START Extracted information

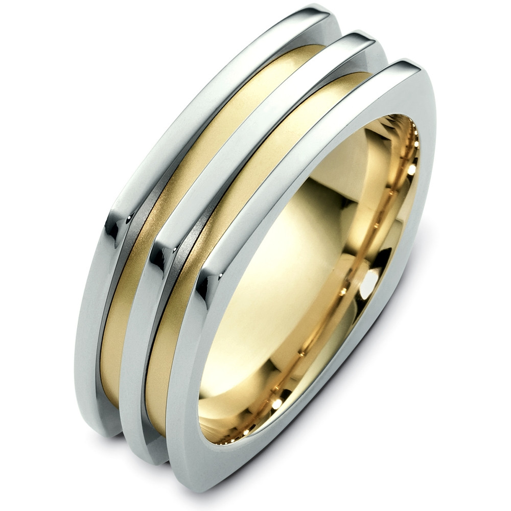 Enjoy the exquisite design of this beautifully detailed two-tone squarish band. Measuring 8.5mm wide, this comfort fit band is definitely an eye catcher. The ultimate in craftmanship and quality. NOTE: This designer wedding band is custom made to order. Therefore please allow up to 2 weeks to manufacture before shipment. For rush shipments please contact customer service. This ring is also available in a variation of metals, colors & widths. Available metals include all gold types, platinum, palladium, titanium and steel. Please contact customer service with any questions, for a free ring sizer or any special order requests.
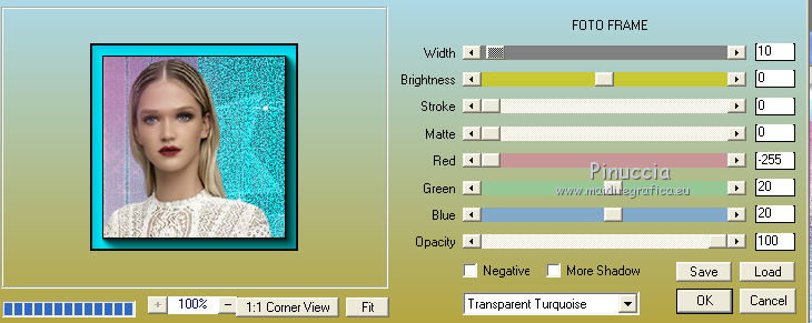 Effetti>Plugins>AAA Frames - Foto Frame, seleziona Transparent Turquois e imposta Width a 10
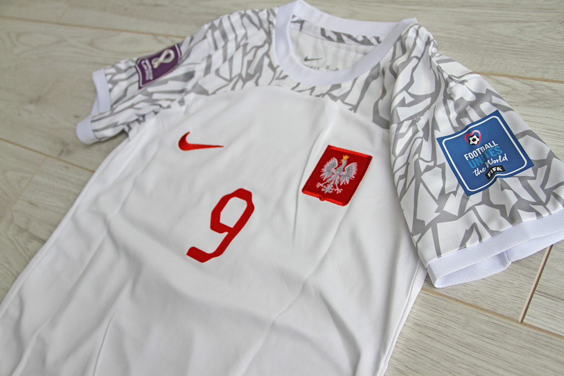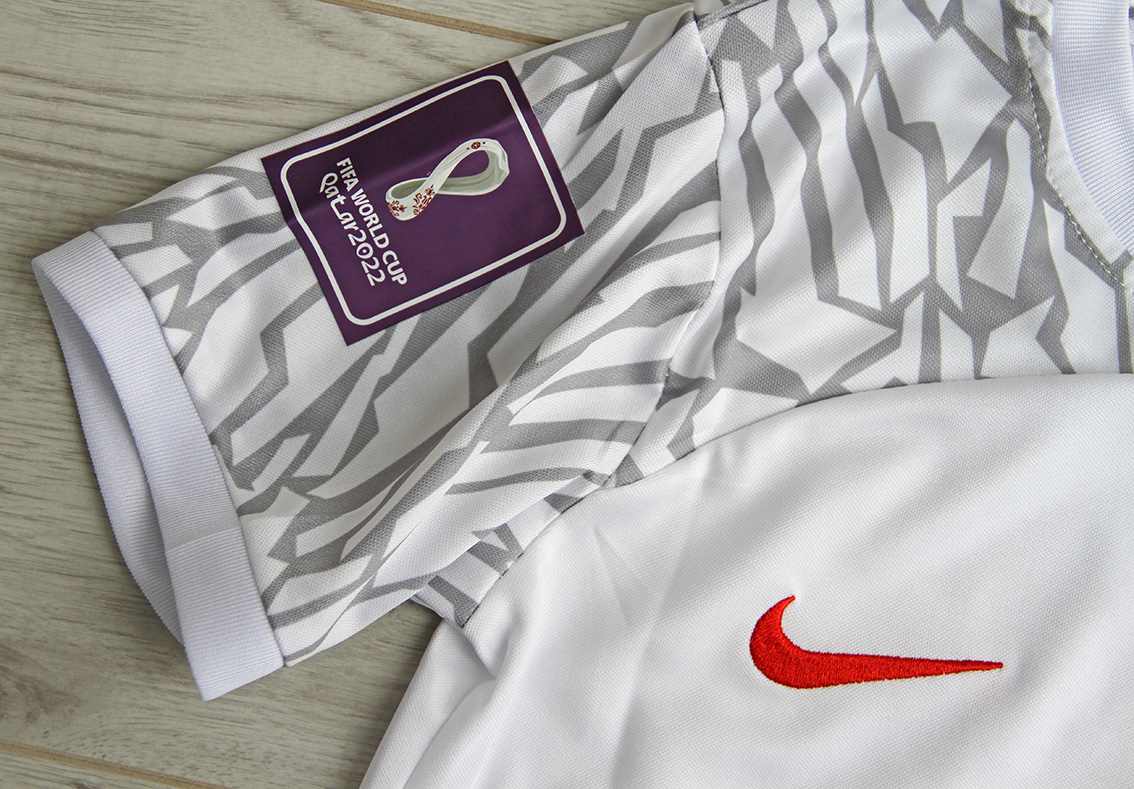 Na rękawach koszulki umieszczono oryginalne plakietki turniejowe: FIFA World Cup Qatar 2022 oraz Football Unites the World, podkreślające mundialowy charakter zestawu.
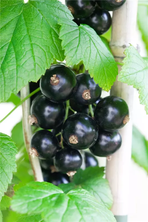 Die Johannisbeere 'Bona'(s) (Ribes nigrum) bildet schwarze Beeren. Diese sind süß-säuerlich im Geschmack. Für eine ertragreiche Ernte ab Juli schaffen durchlässiger, nährstoffreicher Boden und ein sonniger bis halbschattiger Standort optimale Bedingungen. Auch ihre grün-roten Blüten sind eine schöne Erscheinung.
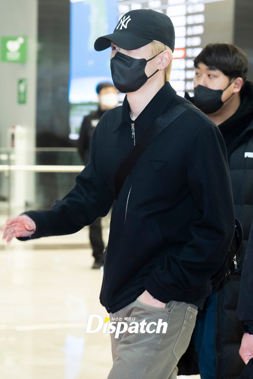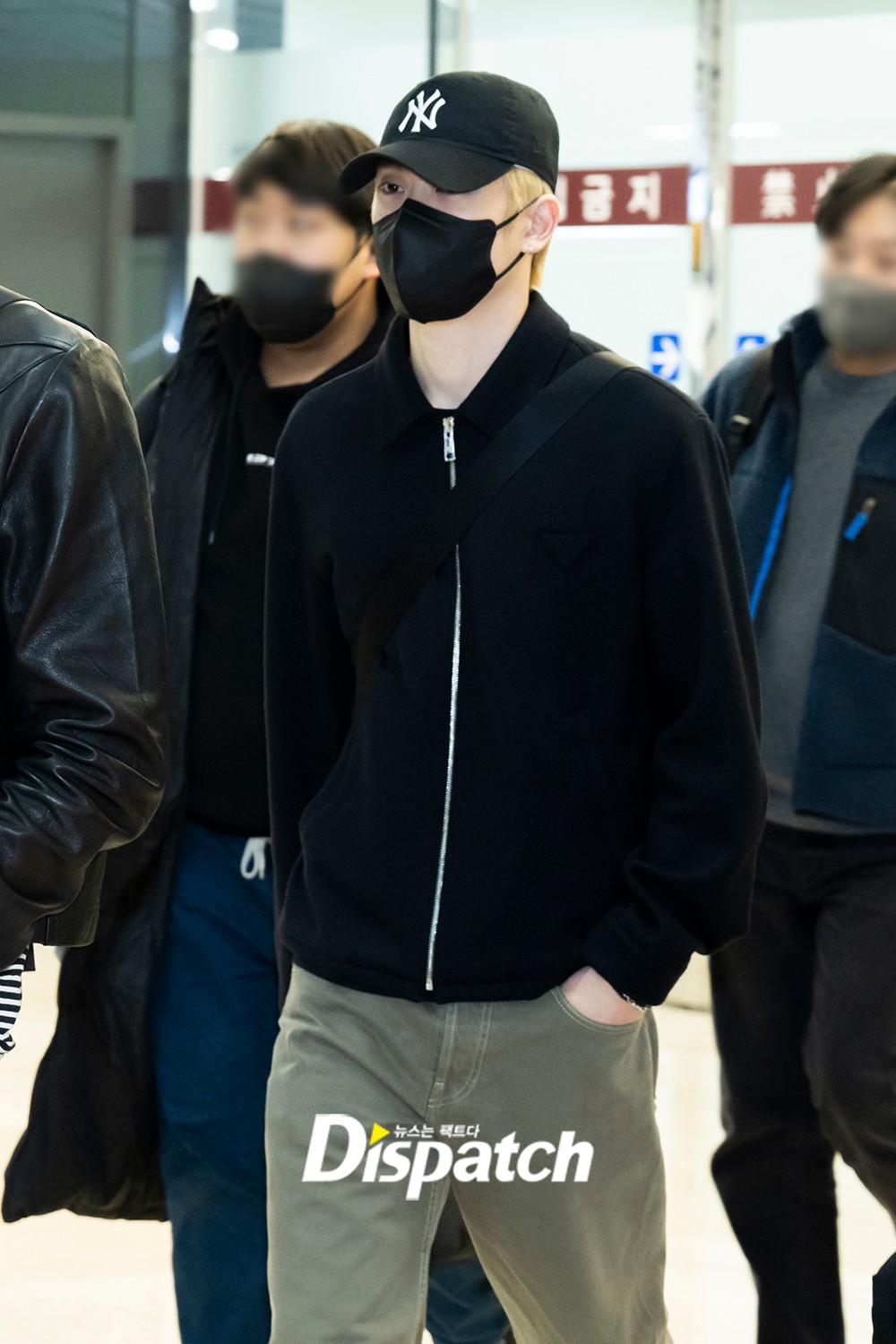 재현은 블랙 재킷에 카키색 바지로 시크한 공항패션을 완성했다.
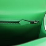 The interior is lined withBamboulambskin and has an open pocket on the front wall, a center divide, and a slit pocket on the back wall.
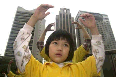 2.美联社4月25日星期三图片报导,一位小法轮功追随者4月25日与此团体数十个成员一起在香港炼功以纪念在中国被禁的法轮功精神团体中南海请愿两周年。美联社/Anat Givon。
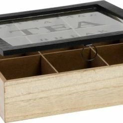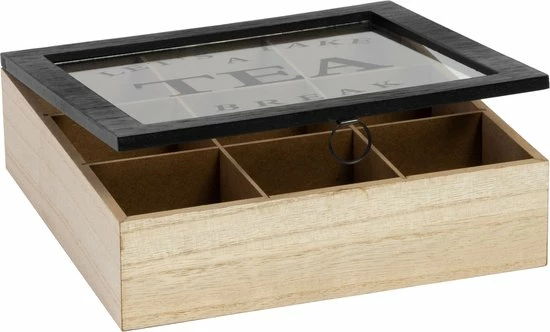 Theekist – Bruin – Hout 9-Vaks – Glazen Deksel – Theedoos – Tea Break
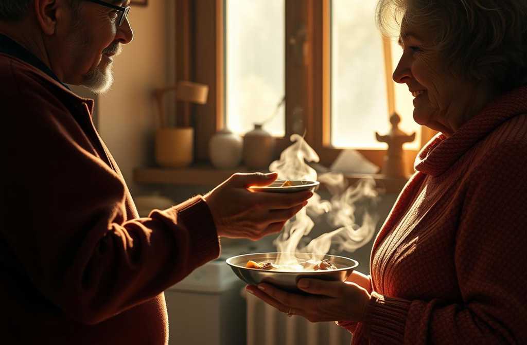 Разогрели еду в кастрюльке, поставили чайник на раскалённую печную плиту. Ольга Герасимовна стояла у стола и накладывала кашу. Толя окинул её взглядом, удивляясь переменам: худенькая, седая, беззубая, небольшого роста, с невидящими глазами, улыбающимся лицом и обожжёнными пальцами именно она была его мамой. В его сознании пробежало течение времени, и фигура матери начала блекнуть, растекаясь в небытие. Толя резко откинул голову, прогоняя видение, и спросил:
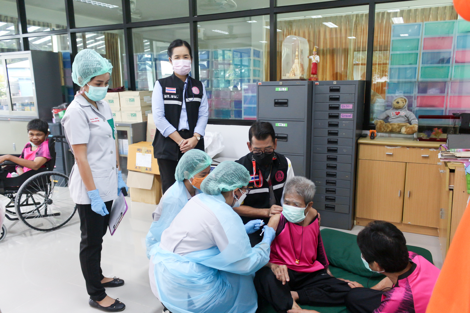 วันที่ 26 สิงหาคม 2564 นางสาวณัฐนิช จันทร์มา ผู้ปกครองสถานคุ้มครองและพัฒนาคนพิการบ้านอุบลฮักแพงจังหวัดอุบลราชธานี พร้อมด้วยข้าราชการ และเจ้าหน้าที่ ร่วมให้การต้อนรับคณะเจ้าหน้าที่สาธารณสุขจังหวัดอุบลราชธานี ให้ความอนุเคราะห์บริการฉีดวัคซีนแก่คนพิการภายในสถานคุ้มครองฯ ซึ่งเป็นวัคซีนพระราชทาน "ซิโนฟาร์ม" ทั้งนี้เพื่อปฏิบัติตามมาตรการป้องกันการแพร่ระบาดของเชื้อไวรัส Covid-19 ณ สถานคุ้มครองและพัฒนาคนพิการบ้านอุบลฮักแพง จังหวัดอุบลราชธานี |
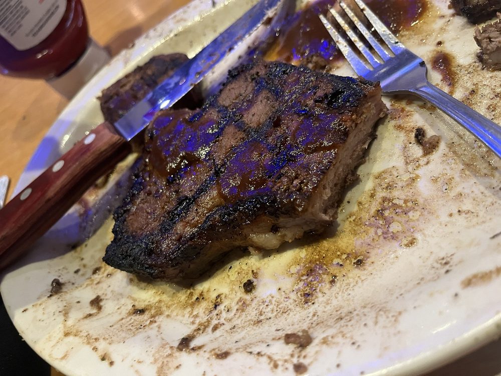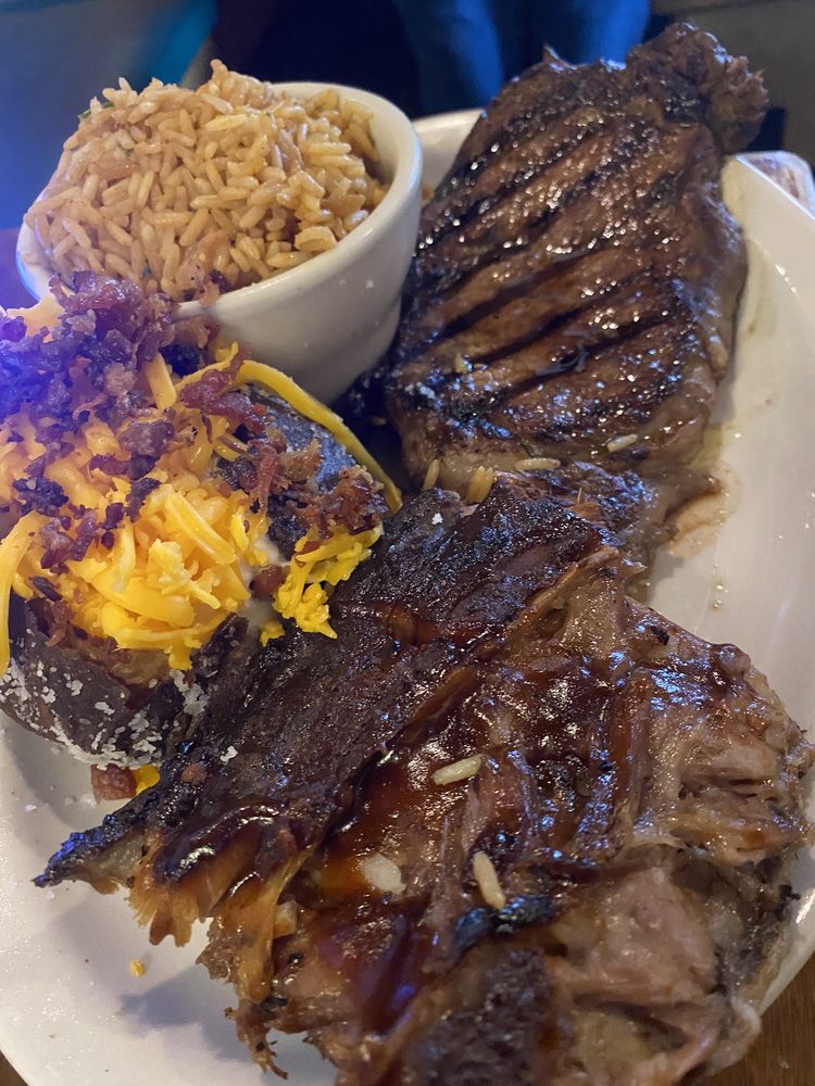 Very juicy and flavorful from the marbling throughout the steak along with slow cooked ribs in a unique blend of seasonings and our signature BBQ sauce
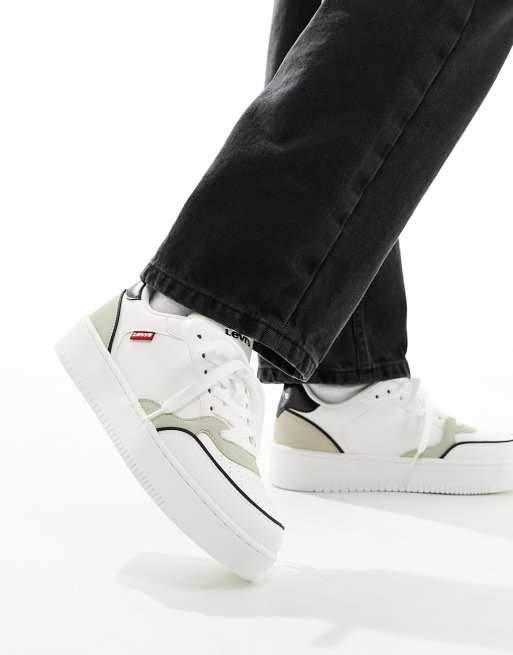 Levi's – Paige – Leder-Sneaker in Weiß-Cremeweiß-Mix mit rotem Logo-Etikett
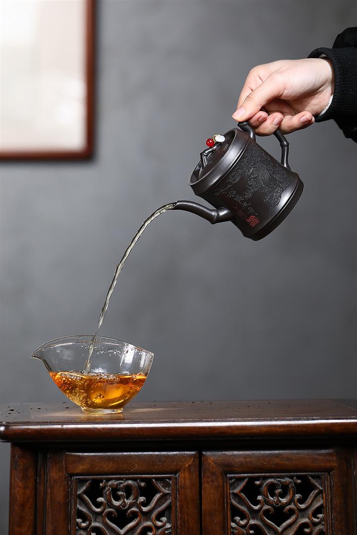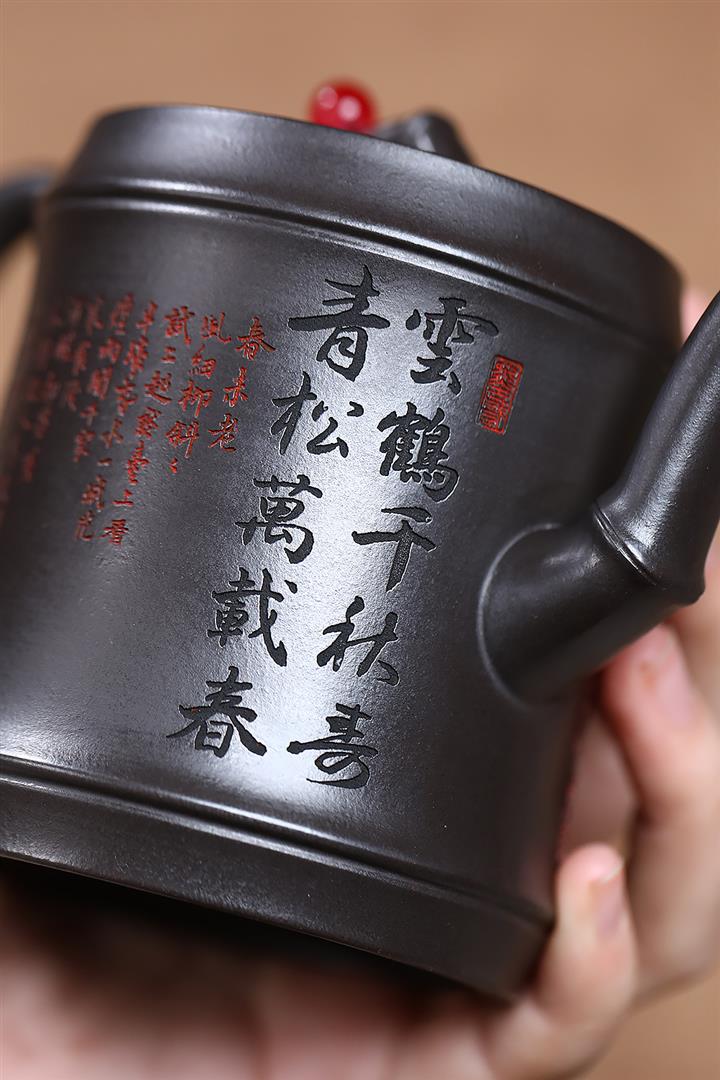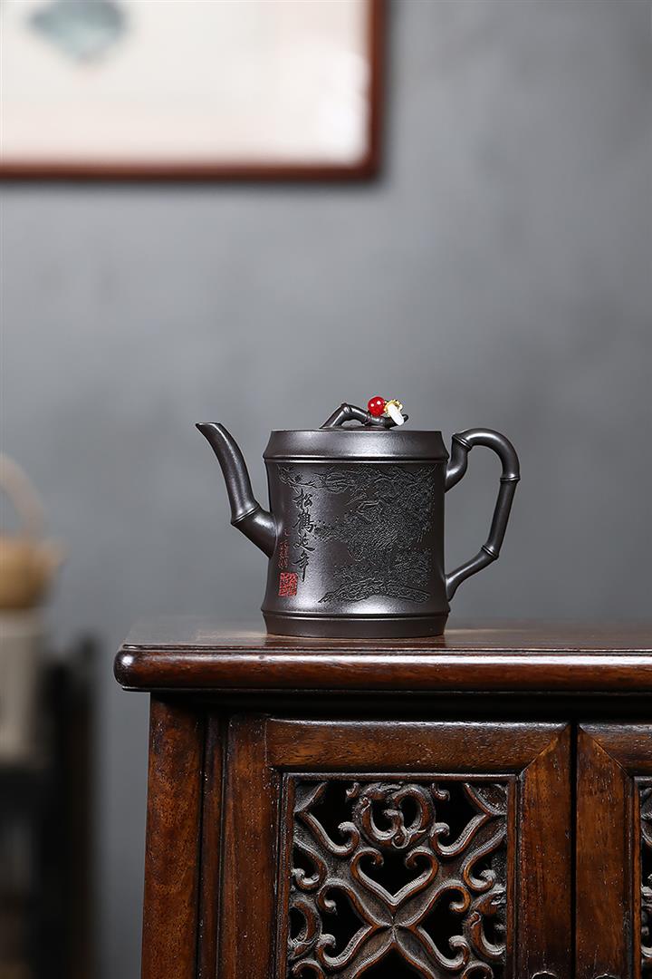340cc原礦紫泥刻繪山水仿古泡茶壺POT9444

END Extracted information

* What you need to do
Above, find the line with "Die Johannisbeere 'Bona'(s)"; copy it and every line down to the line with "Theekist – Bruin", exactly and both included, but no pictures.

* Response to this exercise
 Die Johannisbeere 'Bona'(s) (Ribes nigrum) bildet schwarze Beeren. Diese sind süß-säuerlich im Geschmack. Für eine ertragreiche Ernte ab Juli schaffen durchlässiger, nährstoffreicher Boden und ein sonniger bis halbschattiger Standort optimale Bedingungen. Auch ihre grün-roten Blüten sind eine schöne Erscheinung.
 재현은 블랙 재킷에 카키색 바지로 시크한 공항패션을 완성했다.
 The interior is lined withBamboulambskin and has an open pocket on the front wall, a center divide, and a slit pocket on the back wall.
 2.美联社4月25日星期三图片报导,一位小法轮功追随者4月25日与此团体数十个成员一起在香港炼功以纪念在中国被禁的法轮功精神团体中南海请愿两周年。美联社/Anat Givon。
 Theekist – Bruin – Hout 9-Vaks – Glazen Deksel – Theedoos – Tea Break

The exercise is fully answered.